Problem to solve: Below are lines of data, and only some are wanted. Please repeat exactly those from the line that has "h,最后在700°C N2氣氛下煅燒5 h,便能得到釩基MOFs材料。" through the line that has "Entrance arch for".

The input:
§

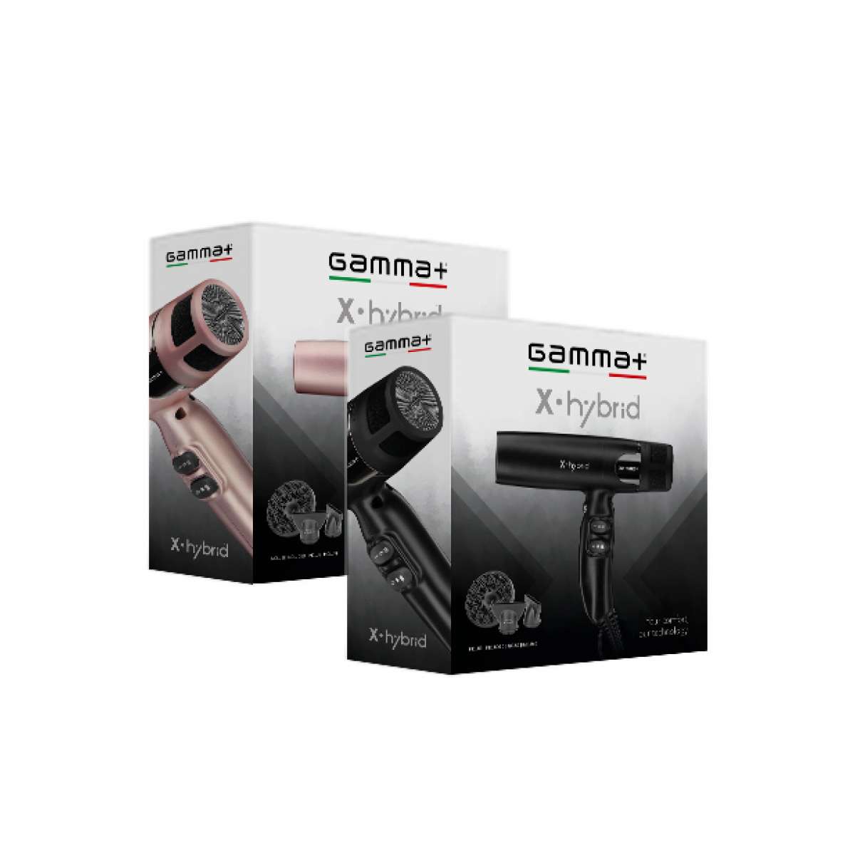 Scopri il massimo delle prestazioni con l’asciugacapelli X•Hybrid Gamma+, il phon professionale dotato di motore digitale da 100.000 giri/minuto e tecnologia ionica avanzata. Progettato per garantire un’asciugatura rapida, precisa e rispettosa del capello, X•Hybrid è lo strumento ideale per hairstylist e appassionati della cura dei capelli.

§

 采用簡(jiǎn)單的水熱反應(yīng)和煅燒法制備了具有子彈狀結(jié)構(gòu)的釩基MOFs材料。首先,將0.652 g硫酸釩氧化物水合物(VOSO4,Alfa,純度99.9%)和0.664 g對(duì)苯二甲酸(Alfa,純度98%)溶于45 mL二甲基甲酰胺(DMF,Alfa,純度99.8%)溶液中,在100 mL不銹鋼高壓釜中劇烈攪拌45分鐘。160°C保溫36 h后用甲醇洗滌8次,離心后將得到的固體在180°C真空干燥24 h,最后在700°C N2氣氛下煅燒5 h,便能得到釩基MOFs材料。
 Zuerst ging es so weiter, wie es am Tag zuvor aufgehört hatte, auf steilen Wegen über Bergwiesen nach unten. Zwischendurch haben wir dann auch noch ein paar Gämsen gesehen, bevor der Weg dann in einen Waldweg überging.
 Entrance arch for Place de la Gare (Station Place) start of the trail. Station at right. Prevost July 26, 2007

§

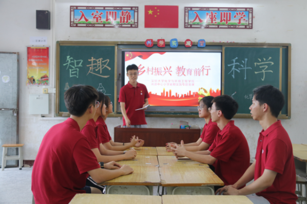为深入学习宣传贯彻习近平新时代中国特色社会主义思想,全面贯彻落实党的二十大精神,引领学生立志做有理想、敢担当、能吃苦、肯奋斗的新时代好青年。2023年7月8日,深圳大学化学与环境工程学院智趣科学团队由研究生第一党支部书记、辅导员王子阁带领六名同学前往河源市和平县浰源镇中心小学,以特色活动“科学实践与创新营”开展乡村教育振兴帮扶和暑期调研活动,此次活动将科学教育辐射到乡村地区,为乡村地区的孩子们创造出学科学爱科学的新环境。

§

Answer space:
 采用簡(jiǎn)單的水熱反應(yīng)和煅燒法制備了具有子彈狀結(jié)構(gòu)的釩基MOFs材料。首先,將0.652 g硫酸釩氧化物水合物(VOSO4,Alfa,純度99.9%)和0.664 g對(duì)苯二甲酸(Alfa,純度98%)溶于45 mL二甲基甲酰胺(DMF,Alfa,純度99.8%)溶液中,在100 mL不銹鋼高壓釜中劇烈攪拌45分鐘。160°C保溫36 h后用甲醇洗滌8次,離心后將得到的固體在180°C真空干燥24 h,最后在700°C N2氣氛下煅燒5 h,便能得到釩基MOFs材料。
 Zuerst ging es so weiter, wie es am Tag zuvor aufgehört hatte, auf steilen Wegen über Bergwiesen nach unten. Zwischendurch haben wir dann auch noch ein paar Gämsen gesehen, bevor der Weg dann in einen Waldweg überging.
 Entrance arch for Place de la Gare (Station Place) start of the trail. Station at right. Prevost July 26, 2007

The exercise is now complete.